- **Records for this exercise**:
::::::::
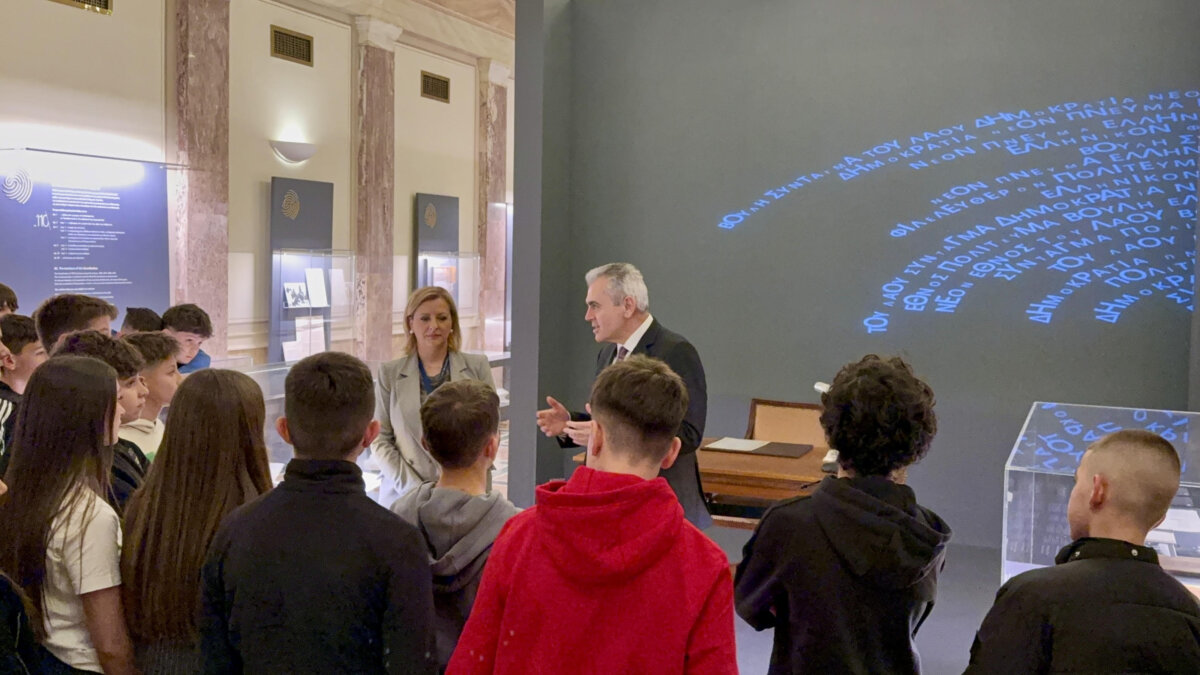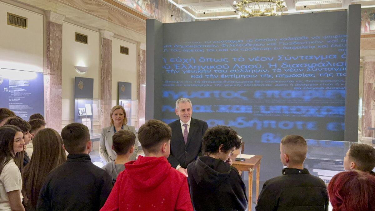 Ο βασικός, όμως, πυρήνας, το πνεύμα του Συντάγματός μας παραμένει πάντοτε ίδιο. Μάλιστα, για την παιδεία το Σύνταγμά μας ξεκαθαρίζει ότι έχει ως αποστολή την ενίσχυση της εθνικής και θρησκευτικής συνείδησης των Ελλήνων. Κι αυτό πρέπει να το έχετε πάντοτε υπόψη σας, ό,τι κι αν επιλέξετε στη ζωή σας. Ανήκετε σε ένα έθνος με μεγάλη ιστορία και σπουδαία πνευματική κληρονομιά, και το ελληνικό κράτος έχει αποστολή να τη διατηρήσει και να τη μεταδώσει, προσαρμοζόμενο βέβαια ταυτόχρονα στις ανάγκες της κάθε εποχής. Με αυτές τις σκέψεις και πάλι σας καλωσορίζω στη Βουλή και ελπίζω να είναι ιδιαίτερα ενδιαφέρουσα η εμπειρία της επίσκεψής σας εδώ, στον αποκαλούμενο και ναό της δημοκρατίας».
::::::::
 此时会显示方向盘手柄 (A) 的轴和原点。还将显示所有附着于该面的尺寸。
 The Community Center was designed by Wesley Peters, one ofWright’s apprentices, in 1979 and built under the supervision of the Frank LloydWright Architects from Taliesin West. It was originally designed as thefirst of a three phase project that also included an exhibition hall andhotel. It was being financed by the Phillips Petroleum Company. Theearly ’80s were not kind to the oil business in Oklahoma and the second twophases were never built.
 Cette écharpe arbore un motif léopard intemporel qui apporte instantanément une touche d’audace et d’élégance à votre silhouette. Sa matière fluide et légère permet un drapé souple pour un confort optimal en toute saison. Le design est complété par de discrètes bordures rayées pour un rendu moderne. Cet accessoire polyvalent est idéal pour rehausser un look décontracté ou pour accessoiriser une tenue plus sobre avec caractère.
::::::::
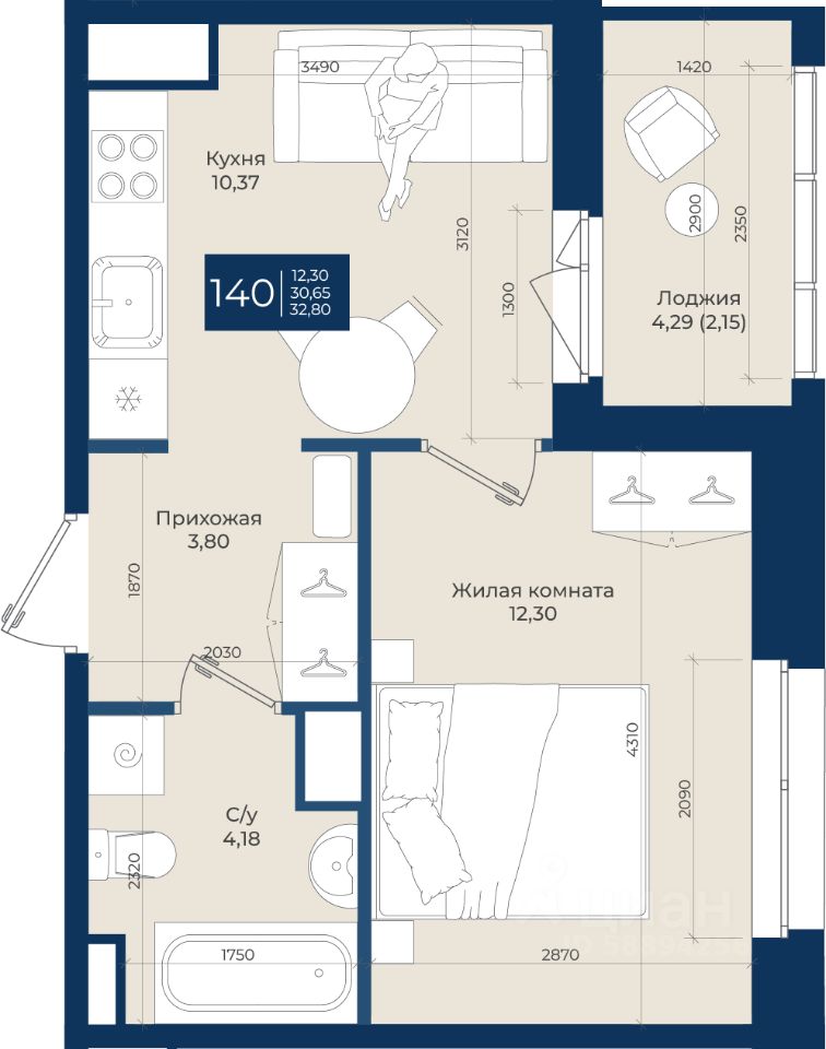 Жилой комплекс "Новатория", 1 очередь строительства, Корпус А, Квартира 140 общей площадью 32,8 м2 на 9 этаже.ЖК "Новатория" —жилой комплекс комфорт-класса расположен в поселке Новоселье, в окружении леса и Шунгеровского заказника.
::::::::
Looking back over the data above, restate word for word the lines that begin at the line with "The Community Center" and end at the line with "Cette écharpe arbore", inclusive.

 The Community Center was designed by Wesley Peters, one ofWright’s apprentices, in 1979 and built under the supervision of the Frank LloydWright Architects from Taliesin West. It was originally designed as thefirst of a three phase project that also included an exhibition hall andhotel. It was being financed by the Phillips Petroleum Company. Theearly ’80s were not kind to the oil business in Oklahoma and the second twophases were never built.
 Cette écharpe arbore un motif léopard intemporel qui apporte instantanément une touche d’audace et d’élégance à votre silhouette. Sa matière fluide et légère permet un drapé souple pour un confort optimal en toute saison. Le design est complété par de discrètes bordures rayées pour un rendu moderne. Cet accessoire polyvalent est idéal pour rehausser un look décontracté ou pour accessoiriser une tenue plus sobre avec caractère.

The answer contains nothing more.